KALPATARA.ID- Masyarakat Dayak Bakumpai yang tinggal di Kampung Mengantip, Barito Selatan, Kalimantan Tengah, memiliki cara sendiri dalam melakukan konservasi hutan dan air. Yaitu dengan sistem irigasi yang diberi nama Beje.
Beje telah sejak dulu dikenal dan bisa ditemukan di hampir seluruh kampung sekitar pesisir Sungai Barito.
Dalam bahasa Dayak Bakumpai (campuran Dayak Kapuas), kata “Beje” memiliki arti parit. Namun, lebih dari sekadar parit pada sistem irigasi atau perairan. Beje merupakan sistem atau pola yang melekat sebagai kesatuan pada permukiman dan ladang yang berbatasan dengan sungai, kawasan rawa, dan hutan lahan gambut.
Biasanya Beje dibuat di ladang-ladang masyarakat adat yang berlokasi di hutan, khususnya berdekatan dengan kawasan rawa, agak jauh dari permukiman namun tak terlalu jauh dari aliran sungai.
Pembuatan Beje
Beje dibuat menyerupai parit yang lurus. Seolah menjadi batas atau garis pemisah kawasan ladang, hutan, dan permukiman. Panjang Beje tergantung pada luasan ladang yang dimiliki dan semakin dalam semakin bagus. Umumnya, memiliki kedalaman satu hingga dua meter dengan panjang sekitar 10 rentangan tangan.
Permukaan parit dialasi dengan ranting dan daun kering guna memancing ikan untuk bersarang nantinya. Perkakas yang digunakan dalam membuat Beje begitu sederhana, yaitu bencet yang terbuat dari kayu dan besi untuk menggali tanah.
Biasanya pembuatan Beje dilakukan pada bulan ketujuh-kedelapan saat kemarau, yang dikerjakan secara bergotong-royong.
Manfaat Beje bagi Masyarakat
Saat musim hujan, Beje akan terisi air. Saat curah hujan tinggi atau terjadi banjir, Beje memiliki manfaat layaknya sumur serapan (pengendali banjir). Genangan air pada Beje juga akan mengundang ikan-ikan lumpur, seperti gabus, sepat, bapuyuk, tahuman, dan lainnya untuk berumah di permukaan Beje yang telah dialasi ranting dan daun.
Dari sistem irigasi tradisional ini, masyarakat mendapatkan tambahan panen berupa ikan-ikan sebanyak satu sampai dua ton yang dapat dikonsumsi sendiri, dibagi-bagi, atau dijual.
Sementara saat musim kemarau, Beje sangat bermanfaat sebagai cadangan air tanah bagi tanaman di ladang, hutan, dan sumur-sumur penduduk, sehingga musim kemarau tak berdampak pada kekeringan.
Potensi kebakaran hutan juga dapat diantisipasi dengan adanya Beje sebagai tatas apuy (batas api dan pelindung/penghalang api).
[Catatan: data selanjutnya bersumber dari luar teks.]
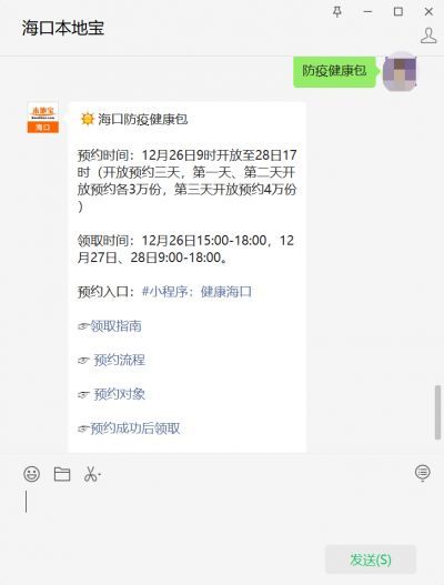 温馨提示:微信搜索公众号【海口本地宝】,关注后在对话框回复【防疫健康包】可获海口防疫健康包预约入口、时间及流程、领取地点、老人防疫包等。
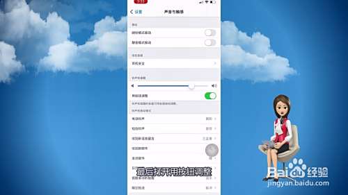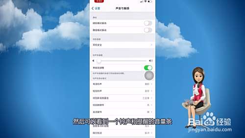 5、最后打开用按钮调整,即可按上音量键调大手机声音。

Jika terjadi kebakaran hutan yang mengancam dan sulit dielakkan, api tak akan meranggas hingga ke permukiman karena terhalang Beje.
Beje dan Aturan Adat
Aktivitas memperbaiki Beje secara rutin dilakukan tiap tahun, sekaligus menjadi momentum panen ikan yang terjadi di bulan keempat-kelima, persis ketika sawah ladang hampir siap petik dan air pada Beje surut (biasanya tersisa air setinggi sekitar 20 cm).
Bagi Masyarakat Adat Dayak yang menerapkan beoluom bahadat atau pandangan sopan santun terhadap Sang Pencipta, leluhur, alam, dan manusia. Dimana pandangan ini memiliki aturan dimana mereka tak boleh merusak atau mengambil terlalu banyak.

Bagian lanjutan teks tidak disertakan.